In addition, PTG is also a significant factor affecting both prosocial and antisocial behaviours. Most studies on PTG and prosocial behaviour have found that PTG can promote prosocial behaviour (Staub & Vollhardt, 2008). In a study of Chinese middle school students who had experienced the earthquake, PTG was found to have a significantly positive effect on prosocial behaviour (Wang & Wu, 2020). Furthermore, PTG may also be associated with antisocial behaviour. Although there are very few empirical studies on children or adolescents in this field, the relationship between PTG and antisocial behaviour can be found in some theories. According to the social information-processing model (Holtzworth-Munroe, 1992), individuals who have experienced trauma tend to perceive and interpret incoming social stimuli as threatening and hostile, and this irrational belief may be the main cause of antisocial behaviour. A series of positive cognitive changes brought by PTG can effectively guide individuals to objectively evaluate the impact of traumatic events, reduce excessive vigilance and irrational beliefs in regards to the surrounding environment, and thus reduce the incidence of antisocial behaviours (Taft, Creech, & Kachadourian, 2012). Taken together, it is possible that social support can promote prosocial behaviour and reduce antisocial behaviour via PTG in post-disaster circumstances.

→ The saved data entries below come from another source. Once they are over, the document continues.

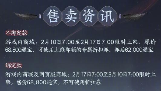 2、绑定款不可使用折扣券,售价68.800通宝,不绑定款使用专属折扣券,券后62.000通宝;
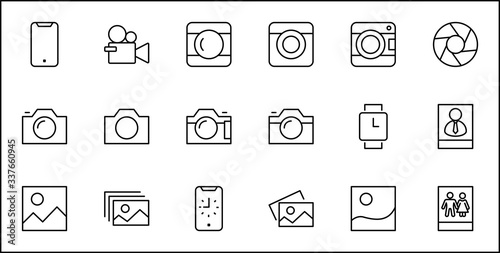 Set of Cameras and photo, vector line icons. Contains symbols of portraits and family photos and much more. Editable Stroke. 32x32 pixels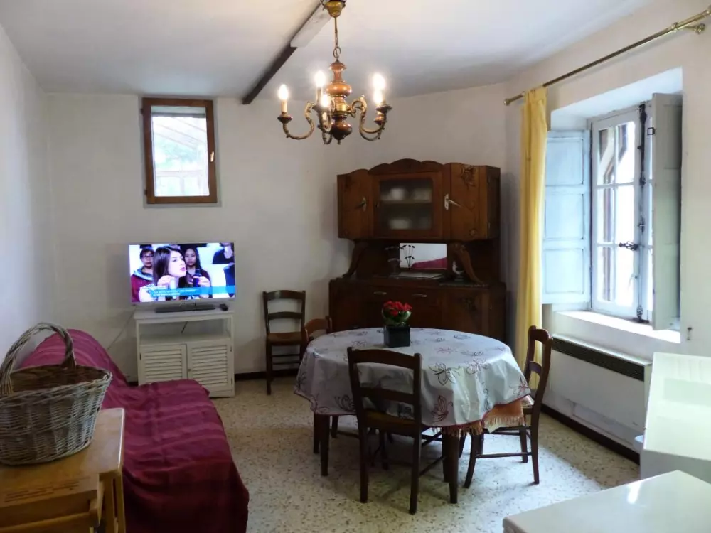 Sur 2 niveaux: au rez de chaussée, séjour-kitchenette. WC. A l'étage: 1 chambre climatisée(1 lit 2 pers.- 2 lits 1 pers superposés). Salle d'eau. Chauffage électrique en sus. TV. Lave Linge. Ensemble de 2 gîtes aménagés dans une propriété de caractère en bordure de l'étang, avec cour commune de 600m2 ombragée. Parking privé. Salon de jardin et barbecue. Ping pong. Taxe de séjour à régler sur place.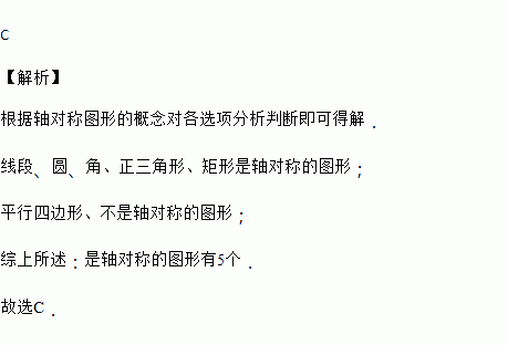 在线段、圆、角、正三角形、平行四边形、矩形中,是轴对称的图形有( )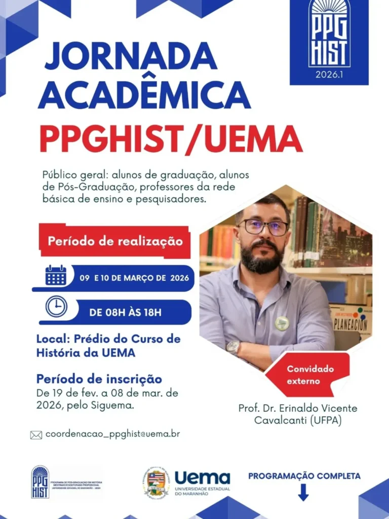A Universidade Estadual do Maranhão (Uema), por meio do Programa de Pós-Graduação em História (PPGHIST), realizará a Jornada Acadêmica nos dias 09 e 10 de março, das 08h às 18h, no prédio do Curso de História, em São Luís, para marcar o início do semestre 2026.1 e integrar a comunidade acadêmica.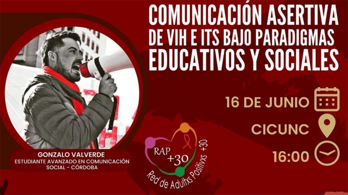 La Red de Adultos Positivos +30 (Rap+30) invita a participar taller en "Comunicación Asertiva de VIH e ITS bajo Paradigmas Educativos y Sociales" que se desarrollará el día 16 de junio a las 16 en el CICUNC.
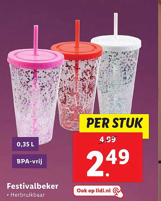 Bekijk de Festivalbeker aanbieding bij Lidl! Deze fantastische aanbieding is nu beschikbaar in de nieuwste Lidl folder. Profiteer van deze kans en bespaar flink op je aankoop.
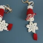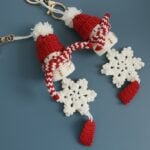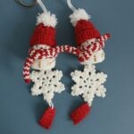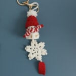 Handmade Crochet Snowman Ornament – Cozy Red and White Holiday Keychain with Snowflake Charm, Soft Yarn Christmas Gift (1 Piece)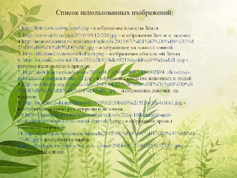 Слайд 24Список использованных изображений:
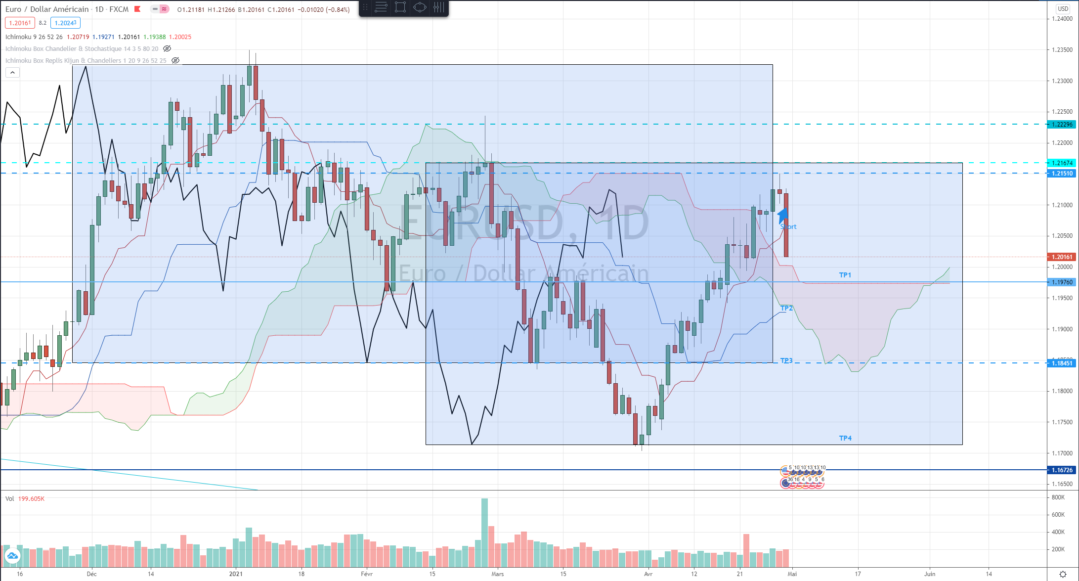 Toutefois tu as parfaitement identifié un niveau de résistance forte (le niveau 1.20 qui est un chiffre rond très important) où il faudra surveiller la réaction des prix.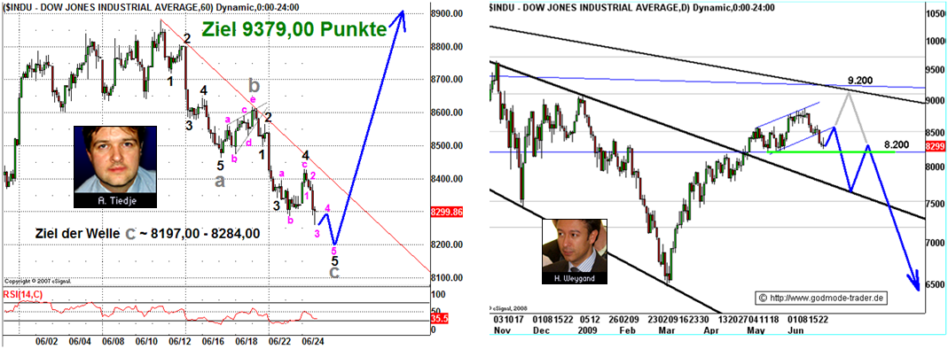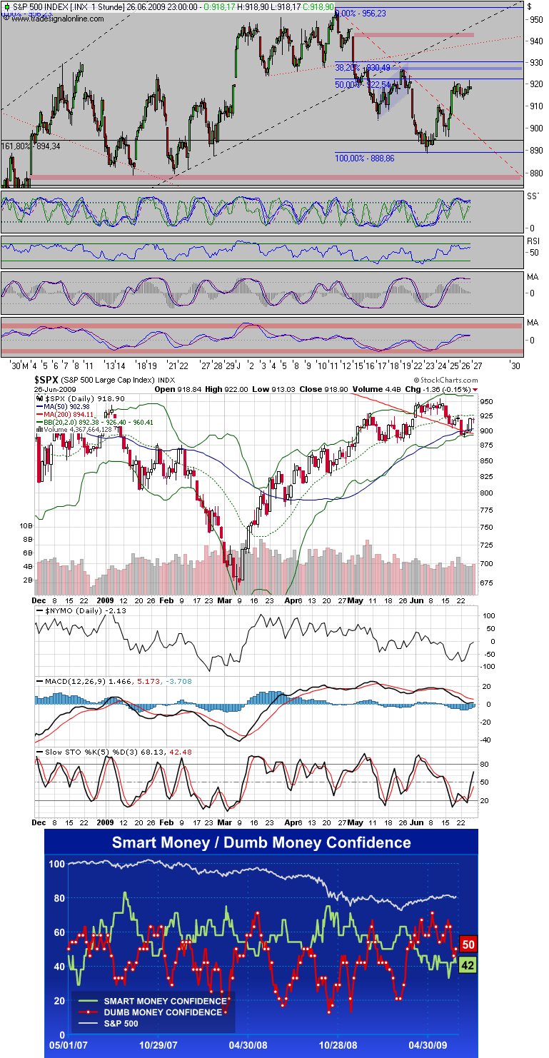 Vorgezogenees P.S. Mein Ausblick: Ich denke es wird seitwärts laufen. Ende Juni kommt GM aus der Insolvenz und es gibt einen großen Knall an den Börsen. Dann ein Ausbruch nach oben, auch wenn GM später rauskommt als Juni mit anschließender Korrektur, welche dann auf 3 Monatssicht uns insgesamt einer Seitwärtsbewegung mit geringem Anstieg ähnelt. Dann wird zum Ende des Jahres, nach der Bundestagswahl der Hammer in Europa rausgeholt und Porzellan zerschlagen. Hier sehe ich wie du einen Dämpfer, der sich aber nicht auf die USA auswirken wird. Also DAX mit down-move und DJ mit weiteren geringen Kursgewinnen. Im Jahr 2010 sehe ich dann Kursgewinne. Denn Ölpreis sehe ich stabil um ca. 70 bis 80 Dollar pendeln. Grund ist dafür Marktpolitik, denn diesen Preis brauchen die Ölförderstaaten und Ölkonzeren für ihren Break-Even-Punkt.

In addition, previous studies have shown that self-compassion, as an emotional regulation strategy (Neff, Kirkpatrick, & Rude, 2007), may mediate between social support and an individual’s post-traumatic behavioural response (Dunkel-Schetter, Folkman, & Lazarus, 1987). According to Neff (2003a), Self-compassion is an individual’s tolerance and compassion for himself in suffering. Self-compassion consists of six components: self-kindness, self-judgement, common humanity, isolation, mindfulness, and over-identification. Self-kindness is described as the tendency to be caring and inclusive towards one-self rather than indifference or judgemental. Common humanity refers to seeing one’s experience as a universal experience, rather than seeing one-self as the centre of pain that can lead to feelings of isolation. Mindfulness is supposed to be a clear and calm attitude towards the suffering of the moment rather than exaggerated with them.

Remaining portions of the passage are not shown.